Самым большим экипажем, какой нам довелось рассмотреть вблизи, была машина для буксировки грузов: она опиралась на два параллельных ряда ног — по шестнадцать групп в каждом ряду, по три ноги в каждой группе. Машины, которые использовались для патрулирования города, были гораздо меньше и имели всего восемнадцать ног — два ряда по три группы.
Каждая нога, как обнаружилось при ближайшем рассмотрении, состояла из нескольких десятков аккуратно выточенных дисков, уложенных друг на друга наподобие стопки медных монет и каким-то образом сцепленных при помощи электричества. Поскольку каждая нога была заключена в прозрачную оболочку, не составляло труда наблюдать их в действии, но как осуществляется контроль за движением, оставалось выше нашего понимания. Однако в эффективности этих машин сомневаться не приходилось: мы часто встречали патрульные экипажи, проносящиеся по улицам со скоростью, которая далеко превосходила возможности самых лучших лошадей.
Но еще большей загадкой, чем конструкция экипажей, были те, кто управлял ими.
В том, что внутри экипажей есть кто-то живой, не возникало и тени сомнения: много раз мы наблюдали, как рядовые марсиане беседуют с водителем или с пассажирами и те отвечают им сквозь металлическую решетку, врезанную в борт машины. Яснее ясного было и то, что водители пользуются чрезвычайным авторитетом; прохожие, когда к ним обращались из экипажей, сразу же принимали приниженный, а то и подобострастный вид и разговаривали почтительным шепотом. Но самих водителей мы ни разу не видели, экипажи оставались закрытыми со всех сторон, — по крайней мере, кабина водителя всегда бывала закрыта наглухо. Взгляд упирался в плоскость темного стекла, поставленную впереди экипажа: по-видимому, за этим стеклом сидел или стоял водитель. Стекла точь-в-точь походили на те, что являлись непременной принадлежностью наблюдательных башен, и мы решили, что башнями и экипажами управляют марсиане одного и того же ранга.
Надо еще сказать, что отнюдь не все экипажи выполняли столь прозаические функции, как, возможно, показалось из моих слов.
Повседневно сталкиваясь с множеством странных картин и явлений, мы с Амелией волей-неволей пытались отыскать земные параллели тому, что видели. И потому вполне вероятно, что иные допущения, сделанные нами в то время, не соответствуют истине. Предположить, что грузовые экипажи играют роль подвод, было относительно просто — ведь они на наших глазах совершали работу, вполне аналогичную земной. Но для некоторых машин земных эквивалентов просто-напросто не существовало. Например, для машины, которую марсиане использовали при ремонте наблюдательных башен.

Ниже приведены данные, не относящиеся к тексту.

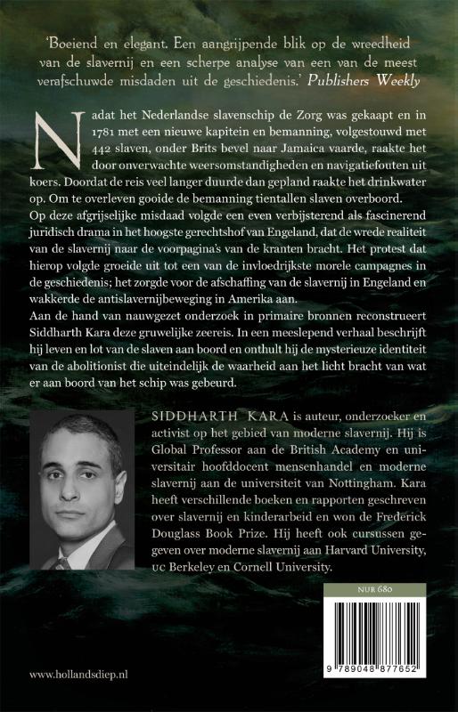 Nadat het Nederlandse slavenschip de Zorg was gekaapt en in 1781 met een nieuwe kapitein en bemanning, volgestouwd met 442 slaven, onder Brits bevel naar Jamaica vaarde, raakte het door onverwachte weersomstandigheden en navigatiefouten uit koers. Doordat de reis veel langer duurde dan gepland raakte het drinkwater op. Om te overleven gooide de bemanning tientallen slaven overboord. Op deze afgrijselijke misdaad volgde een even verbijsterend als fascinerend juridisch drama in het hoogste gerechtshof van Engeland, dat de wrede realiteit van de slavernij naar de voorpagina's van de kranten bracht. Het protest dat hierop volgde groeide uit tot een van de invloedrijkste morele campagnes in de geschiedenis; het zorgde voor de afschaffing van de slavernij in Engeland en wakkerde de antislavernijbeweging in Amerika aan. Aan de hand van nauwgezet onderzoek in primaire bronnen reconstrueert Siddharth Kara deze gruwelijke zeereis. In een meeslepend verhaal beschrijft hij leven en lot van de slaven aan boord en onthult hij de mysterieuze identiteit van de abolitionist die uiteindelijk de waarheid aan het licht bracht van wat er aan boord van het schip was gebeurd.

Одна такая башня стояла как раз напротив дома-спальни, где мы поселились, и ее было хорошо видно прямо из наших гамаков. Мы уже прожили в доме, наверное, дней восемь, когда Амелия обратила внимание, что с башней что-то случилось: ее верхняя платформа перестала покачиваться с боку на бок. А ночью на башне впервые не включился свет.
Но уже на следующее утро у подножия башни затормозил большой экипаж, и перед нами развернулась ремонтная операция, которую я не могу не назвать совершенно фантастической.
Упомянутый экипаж принадлежал к типу, какой мы до сих пор видели в городе два-три раза, и то издали: низкая длинная машина, а наверху многоногого кузова свалена в беспорядке масса поблескивающих труб. Как только экипаж остановился у наблюдательной башни, эта гора металла вдруг приподнялась, и оказалось, что у нее пять змеистых, составленных из дисков ног и еще не менее двух десятков гибких рук, напоминающих щупальца.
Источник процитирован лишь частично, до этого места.